新王国時代、アムンは急速にエジプトで最も人気のある神となった。 アムンの存在を称えるために建てられたモニュメントは、驚くべきものばかりだった。 アムンは主にカルナックにあるアムン神殿で祭られた。 カルナック神殿は、古代エジプトで建設された宗教建造物の中でも最大級のもので、現在でもその遺跡を訪れることができる。
もうひとつの印象的な記念碑は、「アメン号の船」である。 ユーザーヘタモン ヒクソス族を打ち破り、エジプト帝国を支配する王位に就いたアフモセ1世が、テーベの町に贈ったものである。
アムンに捧げられた船は金で覆われ、前述のようにオペトの祭りで使用され、礼拝された。 祭りの24日間の礼拝の後、その船はナイル川のほとりに停泊する。 実際には使用されることはなく、その船にぴったり合うように建てられた特別な神殿に納められる。
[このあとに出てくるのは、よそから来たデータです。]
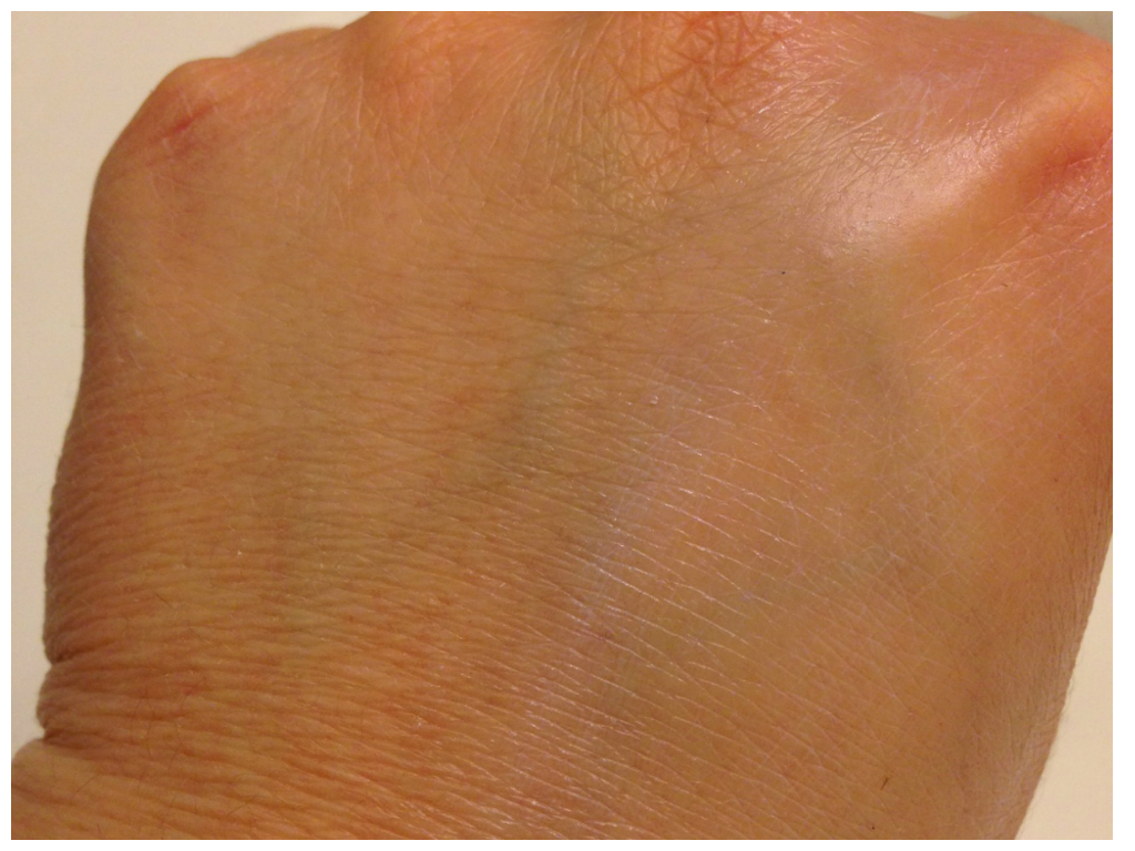Just for reference, I had spread the sun milk only on the right side of my hand. Even though I had put a lot of product on my hand, you can see that it absorbed really well with little trace. It does leave my skin nice and soft, with a slight powdery finish that covers up the fine lines on my hand. The powder finish also does a good job of diminishing my enlarged pores to make my skin look a little smoother.
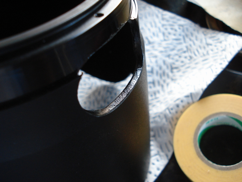 機能性を向上させるのは当然必要ですが、それの犠牲となって美観が損なわれるのは嫌ですので、厚みがついた部分は必用最小限に留めましたが、それで出来た段差の部分は滑らかに仕上げ、まるでフランジ加工をしたような形状にしました。マスキングした上にパテを塗って乾く前に指で形を整えてなど、地味ですが結構凝っています(笑)。
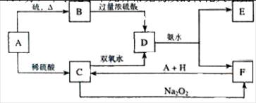 (15分)下列圖中A-F是中學化學常見化合物,且A﹑B﹑E﹑F均含有相同一種金屬元素,G是一種常見單質(zhì)。
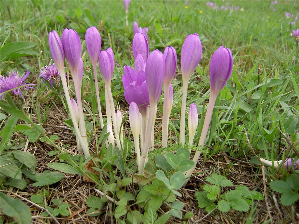 - колхикум осенний белый — очень редко; от одной клубнелуковицы во второй половине сентября распускаются от пяти до семи штук до 15 см длиной, распускаются цветки с белоснежным околоцветником с желтым центром;
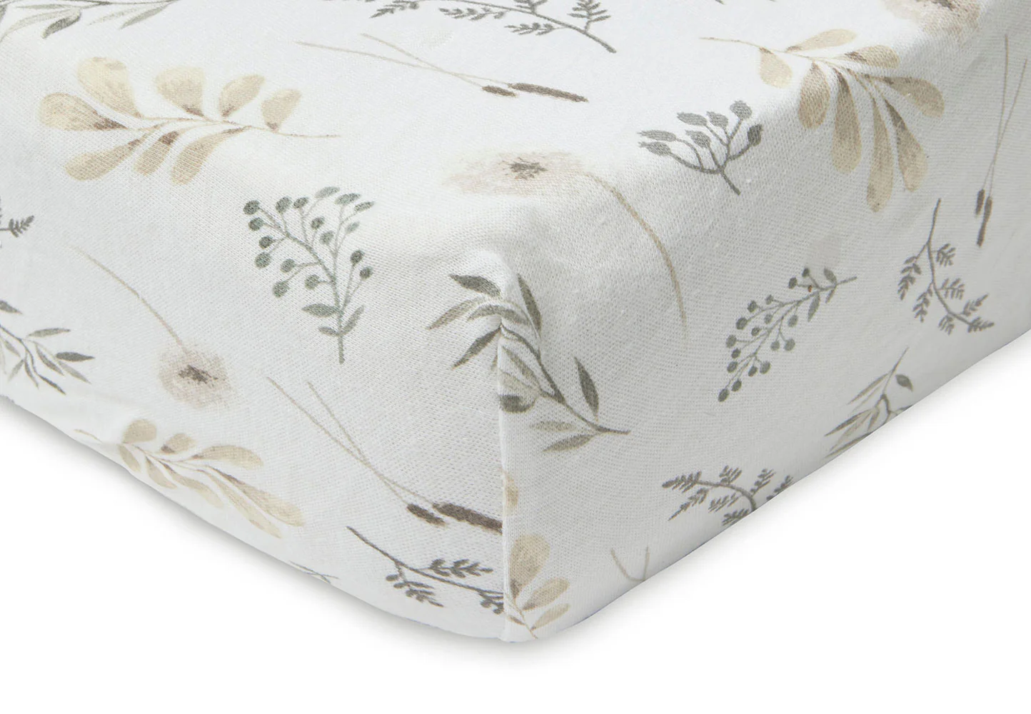 Les draps-housses avec l’imprimé Wild Flower sont fabriqués en jersey de coton souple et sont disponibles en taille pour berceau et lit d’enfant.

このような浮遊神殿のような船は、エジプト全土で見ることができるからだ。 これらの特別な神殿は、いくつかの祭りの際に使用された。
表向きの礼拝と裏向きの礼拝
新王国時代の重要な神であるアムンが、すべてであると同時に無であるという事実は、「隠された者」として知られるアムンを最もよく表している。
彼の神殿が移動可能であったことは、この考え方に非常に合致している。 実際、エジプト人が望む時に、神殿を見せたり、格納したりすることができた。 神をいつ、どのように崇拝すべきかを決定する権力を民衆の手に委ねることは、アムンが表すべき精神全体に非常に合致している。